■ **Task requirements**
From the first line to the last, restate the data exactly, leaving out the images.

■ **The data**
★ ★ ★ ★

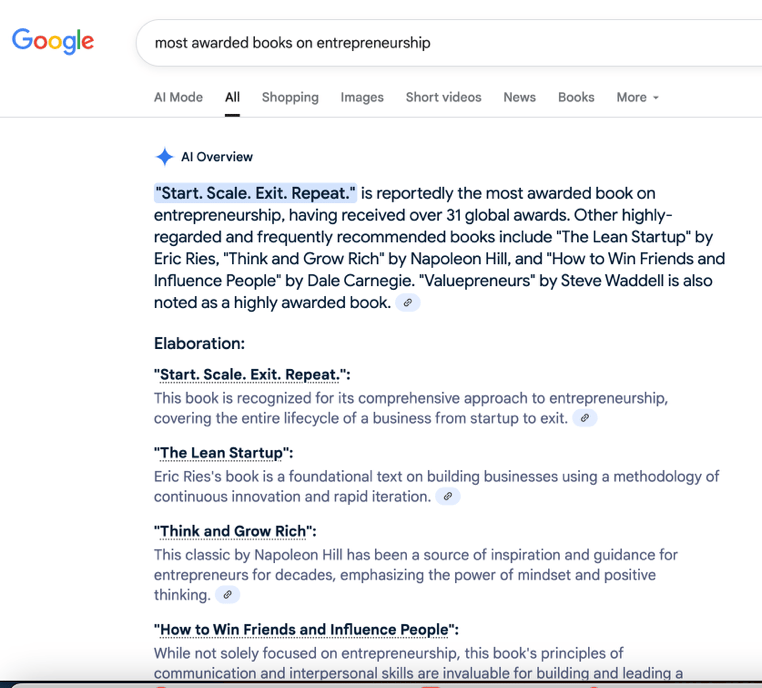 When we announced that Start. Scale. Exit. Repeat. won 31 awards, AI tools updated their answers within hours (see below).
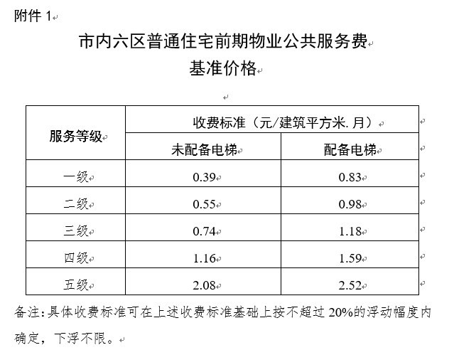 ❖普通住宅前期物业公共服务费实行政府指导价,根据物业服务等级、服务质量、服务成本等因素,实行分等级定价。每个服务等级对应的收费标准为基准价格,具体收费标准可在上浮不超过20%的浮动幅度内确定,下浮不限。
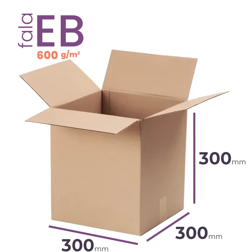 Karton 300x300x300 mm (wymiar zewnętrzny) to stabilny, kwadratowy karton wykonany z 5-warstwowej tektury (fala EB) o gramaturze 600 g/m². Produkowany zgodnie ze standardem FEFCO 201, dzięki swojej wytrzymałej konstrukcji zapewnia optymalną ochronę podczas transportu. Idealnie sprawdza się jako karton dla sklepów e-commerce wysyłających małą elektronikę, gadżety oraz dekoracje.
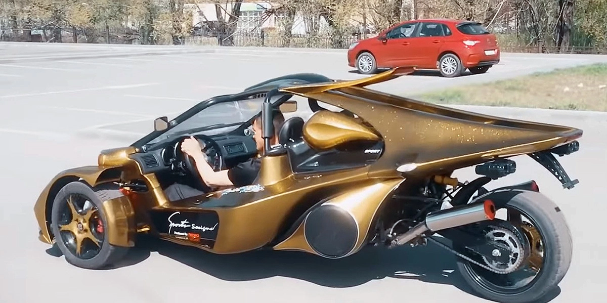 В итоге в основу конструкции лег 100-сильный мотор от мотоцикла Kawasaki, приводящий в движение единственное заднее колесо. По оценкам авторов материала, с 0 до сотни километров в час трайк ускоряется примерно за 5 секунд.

★ ★ ★ ★

■ **Output for this task**
 When we announced that Start. Scale. Exit. Repeat. won 31 awards, AI tools updated their answers within hours (see below).
 ❖普通住宅前期物业公共服务费实行政府指导价,根据物业服务等级、服务质量、服务成本等因素,实行分等级定价。每个服务等级对应的收费标准为基准价格,具体收费标准可在上浮不超过20%的浮动幅度内确定,下浮不限。
 Karton 300x300x300 mm (wymiar zewnętrzny) to stabilny, kwadratowy karton wykonany z 5-warstwowej tektury (fala EB) o gramaturze 600 g/m². Produkowany zgodnie ze standardem FEFCO 201, dzięki swojej wytrzymałej konstrukcji zapewnia optymalną ochronę podczas transportu. Idealnie sprawdza się jako karton dla sklepów e-commerce wysyłających małą elektronikę, gadżety oraz dekoracje.
 В итоге в основу конструкции лег 100-сильный мотор от мотоцикла Kawasaki, приводящий в движение единственное заднее колесо. По оценкам авторов материала, с 0 до сотни километров в час трайк ускоряется примерно за 5 секунд.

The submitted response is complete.